**Task input**.
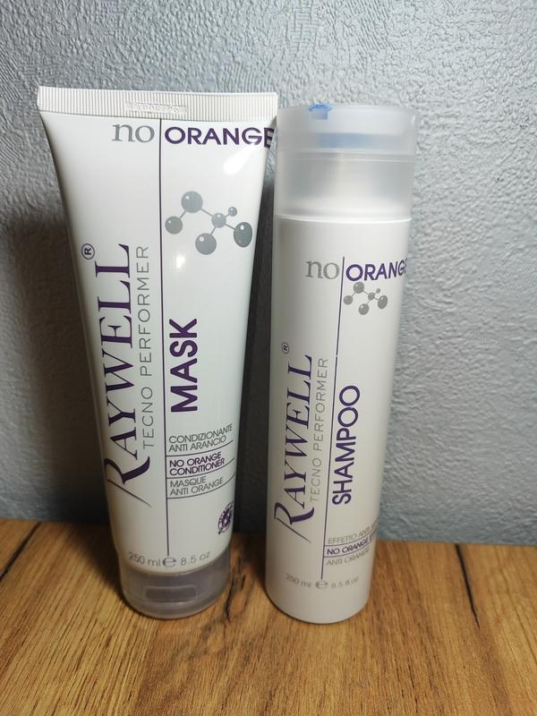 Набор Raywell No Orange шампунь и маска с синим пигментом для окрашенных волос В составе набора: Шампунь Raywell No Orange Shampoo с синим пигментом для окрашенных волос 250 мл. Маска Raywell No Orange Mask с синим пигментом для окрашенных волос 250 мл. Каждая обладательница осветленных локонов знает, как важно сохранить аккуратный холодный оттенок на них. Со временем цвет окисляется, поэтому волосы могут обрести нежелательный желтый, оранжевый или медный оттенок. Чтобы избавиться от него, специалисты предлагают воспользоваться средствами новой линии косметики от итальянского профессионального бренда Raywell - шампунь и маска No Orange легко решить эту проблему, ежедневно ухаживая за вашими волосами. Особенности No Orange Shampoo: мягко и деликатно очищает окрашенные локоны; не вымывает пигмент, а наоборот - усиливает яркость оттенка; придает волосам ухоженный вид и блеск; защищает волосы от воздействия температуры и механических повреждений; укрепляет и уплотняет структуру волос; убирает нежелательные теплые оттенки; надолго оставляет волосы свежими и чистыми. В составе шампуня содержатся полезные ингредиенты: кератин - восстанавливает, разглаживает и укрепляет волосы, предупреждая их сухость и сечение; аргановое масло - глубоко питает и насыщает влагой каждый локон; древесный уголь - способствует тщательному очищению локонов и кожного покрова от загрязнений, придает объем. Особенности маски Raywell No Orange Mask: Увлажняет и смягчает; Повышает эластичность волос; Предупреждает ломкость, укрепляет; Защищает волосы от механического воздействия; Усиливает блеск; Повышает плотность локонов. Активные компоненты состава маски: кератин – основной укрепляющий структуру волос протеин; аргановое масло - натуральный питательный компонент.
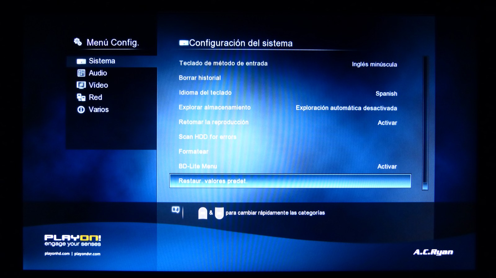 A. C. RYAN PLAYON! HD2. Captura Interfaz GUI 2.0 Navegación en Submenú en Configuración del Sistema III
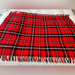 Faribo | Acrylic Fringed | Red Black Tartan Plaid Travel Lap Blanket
* * *
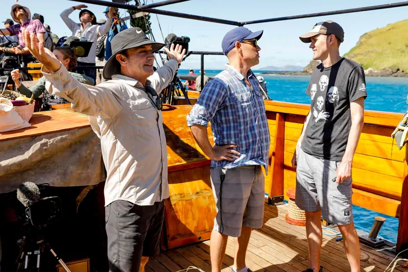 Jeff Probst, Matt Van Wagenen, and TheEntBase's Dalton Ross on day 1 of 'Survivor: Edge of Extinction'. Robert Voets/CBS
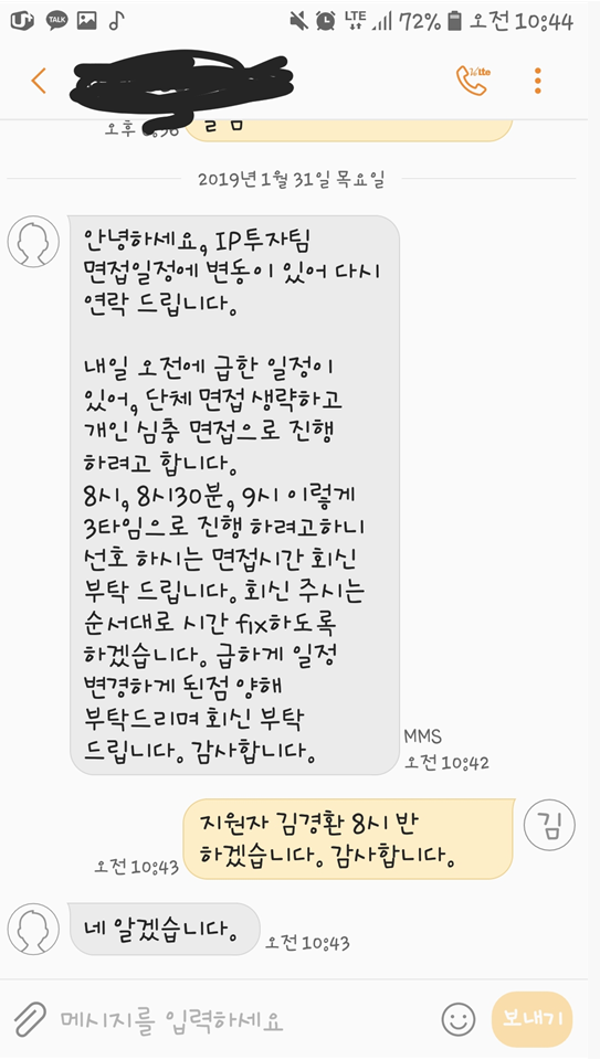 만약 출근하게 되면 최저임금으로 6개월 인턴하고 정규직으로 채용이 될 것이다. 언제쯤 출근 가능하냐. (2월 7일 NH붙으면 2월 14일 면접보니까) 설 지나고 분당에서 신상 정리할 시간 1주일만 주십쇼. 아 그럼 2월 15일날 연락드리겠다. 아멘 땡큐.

**What to produce**. Word for word, repeat the lines above from the one with "Jeff Probst, Matt" through the one with "만약 출근하게 되면 최저임금으로", and nothing beyond them. Omit the pictures.

**Answer space**.
 Jeff Probst, Matt Van Wagenen, and TheEntBase's Dalton Ross on day 1 of 'Survivor: Edge of Extinction'. Robert Voets/CBS
 만약 출근하게 되면 최저임금으로 6개월 인턴하고 정규직으로 채용이 될 것이다. 언제쯤 출근 가능하냐. (2월 7일 NH붙으면 2월 14일 면접보니까) 설 지나고 분당에서 신상 정리할 시간 1주일만 주십쇼. 아 그럼 2월 15일날 연락드리겠다. 아멘 땡큐.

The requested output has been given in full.